В сухой выбоине старого пня, под навесом рыжего гриба-тутовика, устроилась на жительство птичка-невеличка, тихая мухоловка с алой грудкой. Возле нее хахалем вертелся мухолов, которому хотелось петь и веселиться, но хозяйственная, смиренная мухоловка успокаивала его, грустно и терпеливо объясняла, что живут они в соседстве с людьми и следует вести себя скромно. Мухолову семейный прижим надоел, он подался в другое, видать, более разгульное место.

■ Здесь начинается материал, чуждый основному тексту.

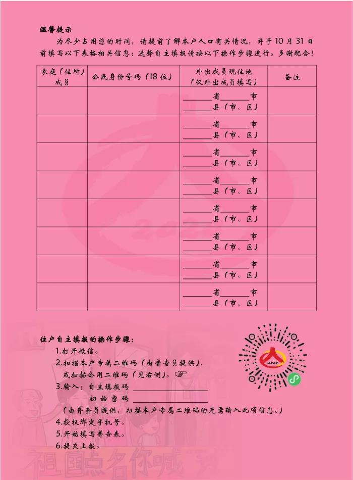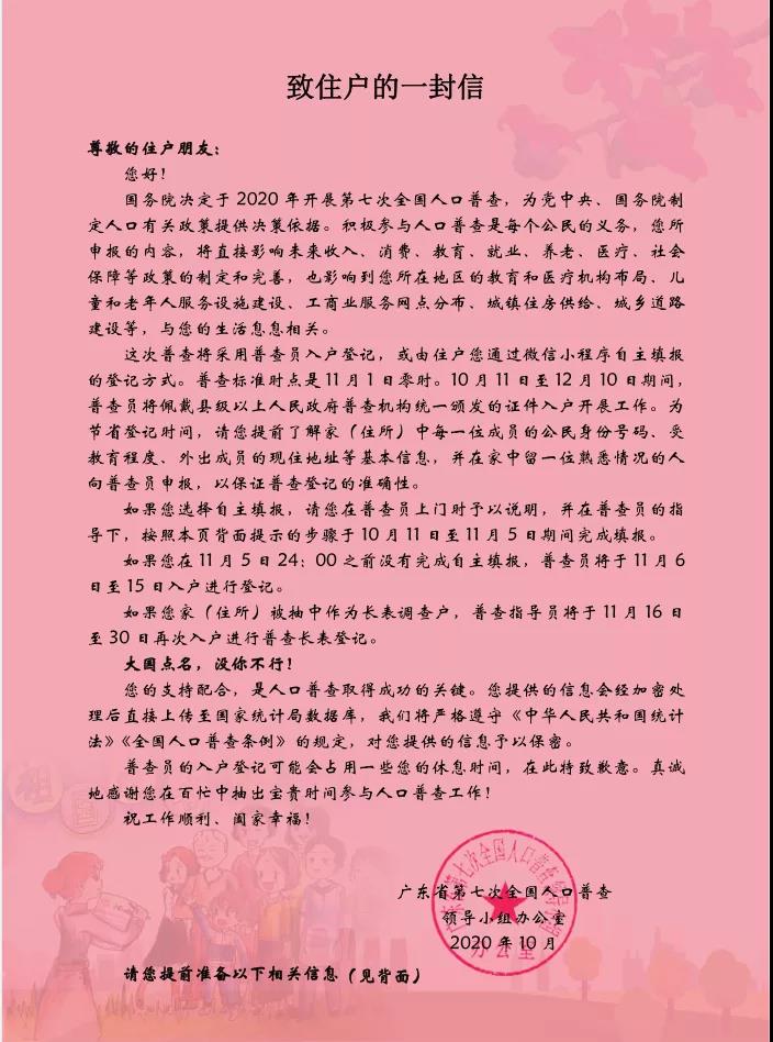 国务院决定于2020年开展第七次全国人口普查。这是中国特色社会主义进入新时代后的第一次重大国情国力调查,关系国计民生、涉及千家万户,需要全县广大党员及干部职工的大力支持和积极配合。普查标准时点是2020年11月1日零时,全县普查员将于2020年10月11日至12月10日入户开展普查工作。为此,特发出如下倡议:

Оставшись покорной вдовицей, мухоловка накрыла маленьким телом гнездышко, и скоро под нею оказались яички чуть больше горошин. Из горошин тех выклюнулись гадкие, на маму совсем непохожие птенцы, но они быстро начали выправляться, и то на голове, то на заде перо у них высовывалось, рахитные пузца усохли, башка вытянулась в клюв, птенцы как птенцы сделались. Пустое гнездышко лежит в черемушном пеньке, мухоловка с ненасытным, писклявым семейством переселилась в межевые заросли — смекайте, дескать, деточки, сами пропитанье, я уж совсем измоталась без мужа. Она и сейчас вон подает голосок из бурьяна: «Ти-ти! Ти-ти! Ти-ти…» — «Спите, спите!» — птенцов увещевает, а у мальчика тоже рот потянуло зевотой — пора отправляться на боковую.
Да, напомнила ему мухоловка другую птичку — белобрюхую ласточку, что каждое лето лепила себе гнездо под застрехой артельного амбара.
Ласточка с ликованием носилась над рекой, взмывала вверх, к облакам, падала на воду, кружилась над домами, над лесом, над горами, впархивала во дворы, сделав вид, что совсем она сюда случайно угодила, стремглав неслась по улице над самой дорогой, щебеча, чурлюкая, всех извещая, что прилетела она из дальних стран и так стремилась к родной сибирской деревушке, прошла сквозь такие расстояния, беды и бури, что совершенно теперь счастлива и, отпраздновав возвращение, порезвившись в радости, сразу же возьмется за дело, отремонтирует гнездышко под застрехой, высидит детей и станет ловить комаров и мошек, и пусть люди не беспокоятся, что она все будет играть, играть и совершенно потеряет голову.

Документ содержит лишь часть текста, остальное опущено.